Analysis Software for Everyday Engineers

A panel of experts gathered at an engineering conference called for software that allows everyday engineers to quickly analyze how a range of phenomena would affect design performance.

Designers and engineers have traditionally used successive simulations and analyses, first simulating one physical effect, such as structure mechanics then entering the results from that package as inputs for a subsequent analysis, such as for fluid flow.

But the progressive method doesn’t offer engineers an easy way or give them full range to explore their design space, according to a group of experts who attended the Council for the Future of Engineering Software, held earlier this month in Scottsdale, Ariz.

Also, results must often be entered into the successive package manually, which of course slows the process and introduce errors, they added.

Simulations and analyses give engineers a way to understand the complex physical phenomena that act upon or are acted upon by a design. These include structural mechanics, heat transfer, and fluid flow, to name but a few. Often, engineers use the simulations to help arrive at an acceptable or optimized design. So they’ll design, simulate and analyze results and then—depending on those results—change the design and begin the simulation and analysis process again.

The capability to quickly simulate and analyze how multiple physical phenomena would affect the design allows designers to fully explore their design space, said Don Tolle, director of systems engineering, simulation and analysis at PLM consulting firm CimData.

Tolle guided conversation on the topic during a COFES analyst and user briefing.

He and others attendees argued that too often simulation and analysis software speaks the language of mathematicians, not engineers. The tools require users have expert knowledge in quantitative and algorithmic methods, design of experiments, and Pareto optimization, wrote Tolle in an introduction to his session.

“But we’re beginning to see intelligence built into these tools to enable designers to describe their problems in simple engineering terms,” he added.

For instance, tools available within a web environment can upend the manual process and make multiple simulations available to a greater number of designers and engineers, Tolle added.

“The web space is something going to be a game changer,” he said. “Extracting simulation results and metrics and understanding design parameters within a web environment is helpful without needing a lot of CPU.”
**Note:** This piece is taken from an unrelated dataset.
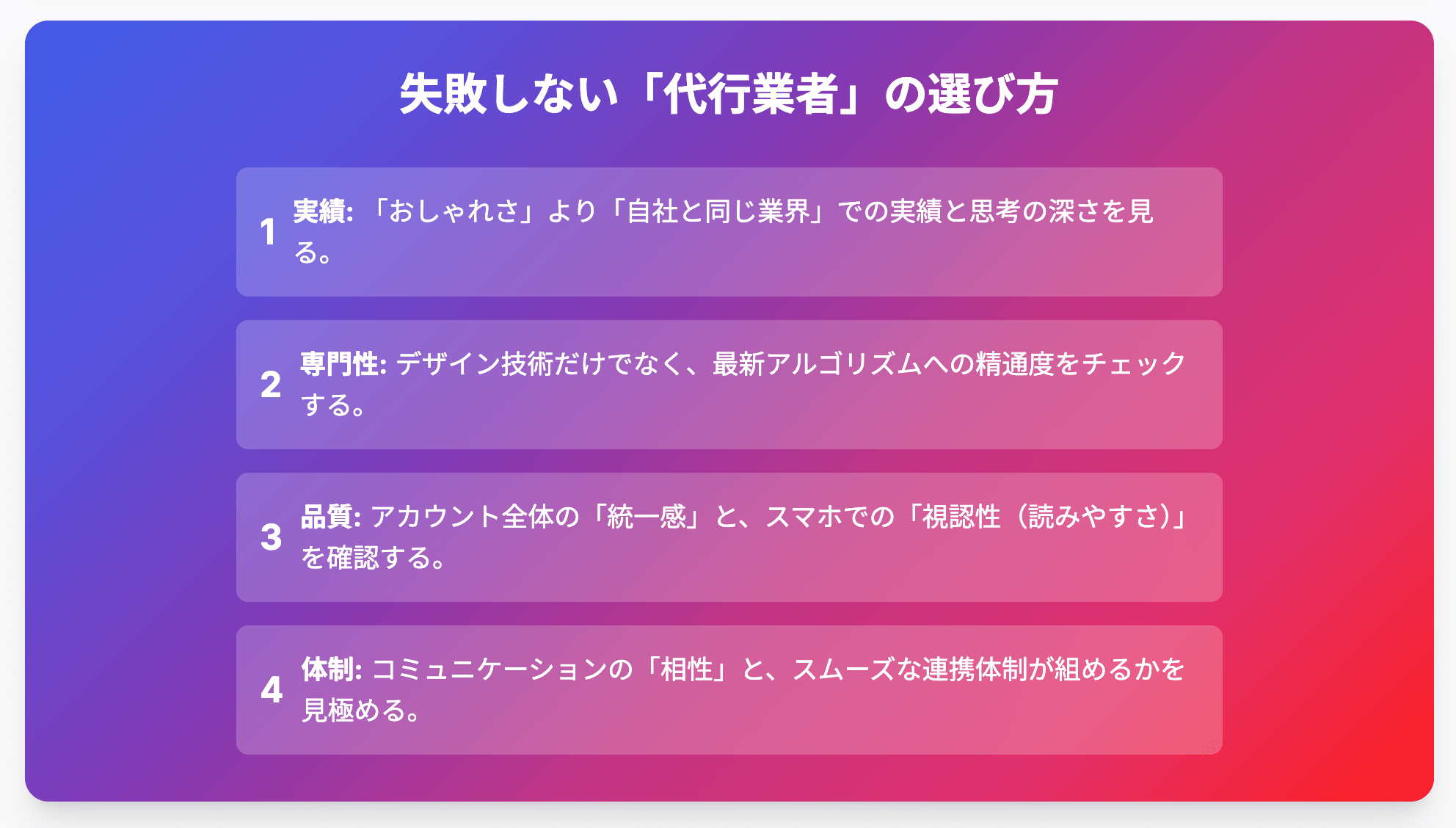 数多くの代行業者と協働・競合してきた私のプロフェッショナルな視点から、絶対に失敗しないための**「選定基準」**を、4つの重要なポイントに絞って伝授します。

Those who attended the session agreed the paired Isight and Simulia Executive Engine (the latter was formerly known as Fiper), from Simulia, and the Dakota system, from Sandia National Laboratories, allow engineers to explore the design space.
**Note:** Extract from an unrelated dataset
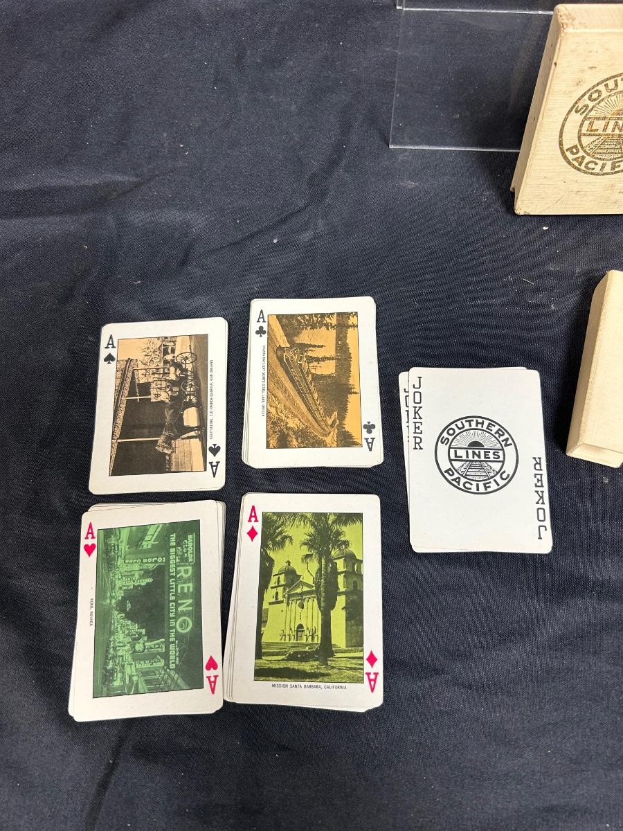 Vintage Southern Pacific Lines Railroad Train Souvenir Playing Cards Complete Deck. Cards were checked for completeness. Each card has a different location destination on the face of the card. The backs are all the same with the locomotive image. In good condition, no bent cards.

Isight is an open system for integrating design and simulation models created with various CAD, analysis and other software applications, to automate the execution of hundreds or thousands of simulations. It does this by allowing the user to logically connect various blocks, to simulate a desired workflow. The software may be executed either by a single user or—through the Executive Engine–by multiple users working as a team.

Simulia calls this process automation and design automation. Isight simulates multiple processes while the Executive Engine distributes and parallelizes execution of these simulations, according to the company.

Isight is an open system for integrating design and simulation models created with various CAD, analysis and other software applications, to automate the execution of hundreds or thousands of simulations.
Isight is an open system for integrating design and simulation models created with various CAD, analysis and other software applications, to automate the execution of hundreds or thousands of simulations.

Dakota allows engineers use computational methods developed in heat transfer, fluid flow, structural mechanics, and other engineering fields as design tools. So rather than predicting how a single physical phenomenon will affect the design, engineers can determination systems performance is affected by range of physical phenomena that act on the design.

A systematic, rapid method of determining the optimal design solution based on simulation and analysis results will lead to better designs and improved system performance and will reduce dependence on prototypes and testing. That, in turn, will shorten the design cycle and reduce development costs, according to members on the COFES panel.